A basic human right all of us should treasure

The Dept of Homeland Security is forcing employees to sign pledges not to disclose non-classified information. See if any 20th-century English authors come to mind as you read this statement by dept spokesmodel Valerie Smith (if that is her real name): “The nondisclosure agreements do not limit the dissemination of information in any way.”

Did you all come up with Orwell? Of course you did, how could you not. Now see if you can read another part of Ms. “Smith”’s statement without laughing bitterly: “The notion that the agreement would be used to cover up evidence of wrongdoing is baseless.”

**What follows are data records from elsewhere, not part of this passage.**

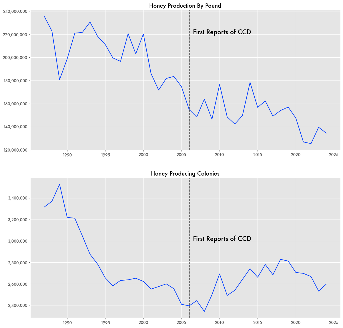 Honey production and honey producing bee colonies were in steep decline for years prior to the first recognition of CCD and actually stabilized after it was recognized.
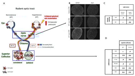 Elevated intraocular pressure (IOP) over 40 days after episcleral vein cauterization (EVC) in rat induced astrogliosis and microgliosis in the optic nerve and superior colliculus. (A) Diagram showing the rodent neuronal visual pathway. Immunofluorescent labeling of glial fibrillary acidic protein (GFAP) and ionized calcium binding adaptor molecule 1 (Iba1) in (B) naïve, contralateral (normotensive, NT), and hypertensive (HT) optic nerves. Scale bar, 100 μm. (C) Table of the variations of GFAP and Iba1 immunofluorescence levels in the NT and HT optic nerves, 40 days after EVC. (D) Table of the variations in the mRNA expression levels of inflammatory markers (i.e., GFAP, CD68, IL1β, TNFα, Nox2, and Nox 4) in ipsilateral and contralateral superior colliculus (SC), 40 days after EVC (Adapted from Sapienza et al.).
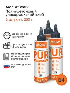 ПУР-клей Полиуретановый столярный клей D4, 3 штуки х 250 г
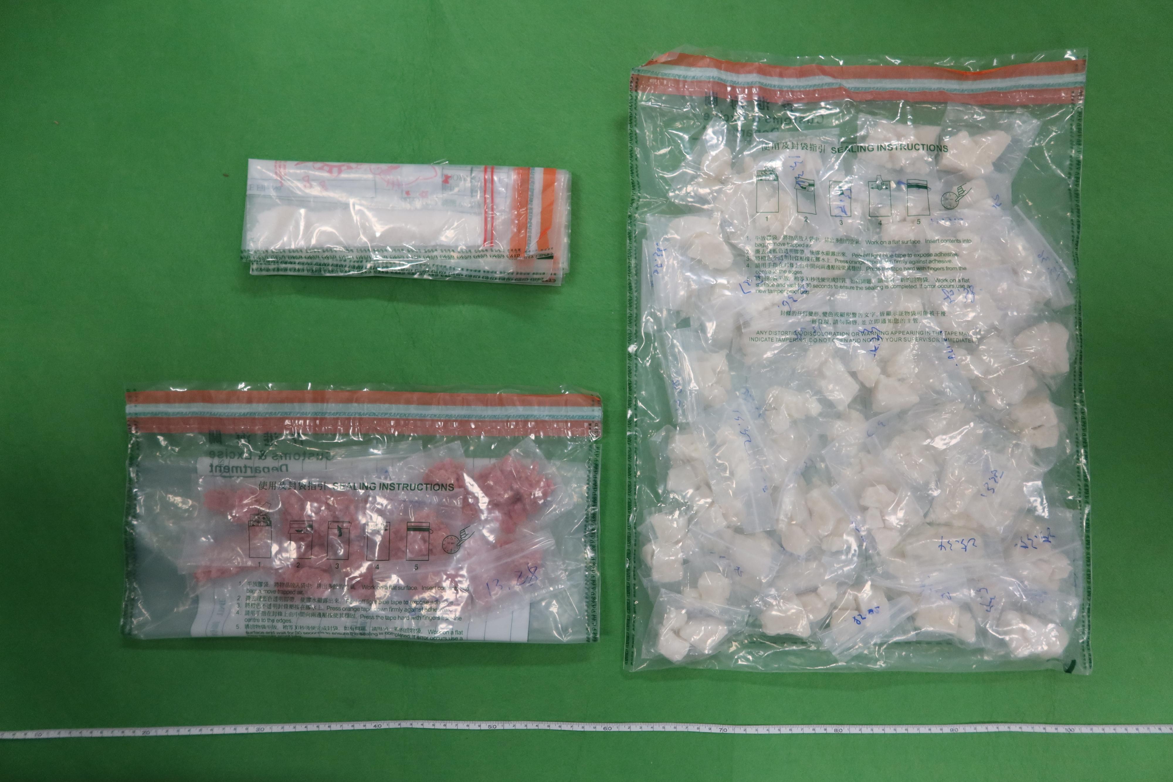 During an anti-narcotics operation conducted in the vicinity of Cheung Sha Wan this afternoon, Customs intercepted a man. Although no dangerous drugs were found on the man, Customs officers found him suspicious and thus escorted him to a nearby residential premises for a search. Upon inspection, the batch of suspected crack cocaine and suspected ketamine was seized inside the premises and the man was immediately arrested.
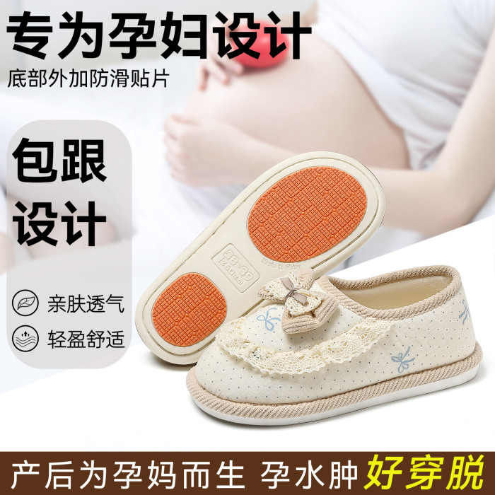 月子鞋女家居秋冬季居家室內情侶居家厚底防滑毛絨棉拖鞋女士
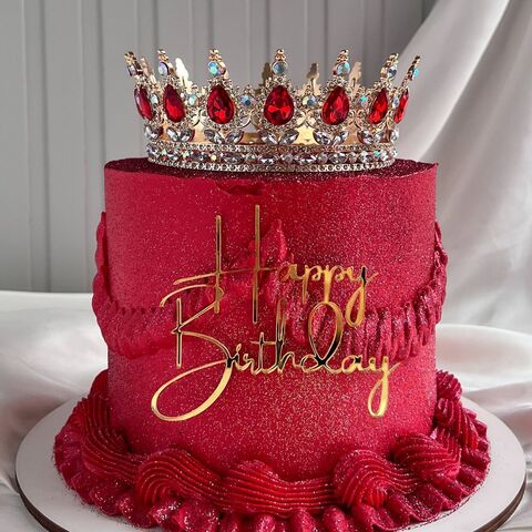 Декоративная корона на торт, золото (Красные камни)

The Iraqi elections will be fought by 200+ political parties. Each one will have its own logo, although the WaPo reports that “some logos have been prohibited, including a Koran with a halo around it, a mass grave and a Kalashnikov rifle.” Um, was that party for or against mass graves? If anyone sees a website with any of these party logos, please pass it on.

A WaPo editorial argues against postponing elections, “the only peaceful means for establishing an Iraqi government with real authority,” in the same paragraph that it says those elections will require “continued U.S. and Iraqi military operations to clear insurgents from Sunni towns”. The WaPo must be using some arcane definition of the word “peaceful” with which I am not familiar. Oh dear, we’re all thinking about George Orwell again, aren’t we?

Speaking of “War = Peace,” numerous blogs have mentioned this site, selling t-shirts in support of the Marine who shot the unarmed POW in Fallujah, and other overpriced t-shirts to buy for the sociopath who has everything.

Well, as long as we’re in full-Orwell mode, here’s what the British home secretary David Blunkett said today about mandatory identity cards (which will involve a £2,500 for those who resist, and a £1,000 fine for moving without telling the government): “Strengthening our identity is one way of reinforcing confidence and people's sense of citizenship. Knowing your true identity and being able to demonstrate it is a positive plus [double plus good?]. It is a basic human right all of us should treasure”.

I missed this: in this month’s election, Tom Parker, an aide to Roy Moore, was elected to the Alabama Supreme Court. He is known for his love of the Confederate flag and recently attended a party commemorating Gen. Nathan Bedford Forrest, the first grand wizard of the Ku Klux Klan (but not, as the Associated Press says, the founder). This in the same election where the state failed to pass a referendum removing segregationist language from the state constitution.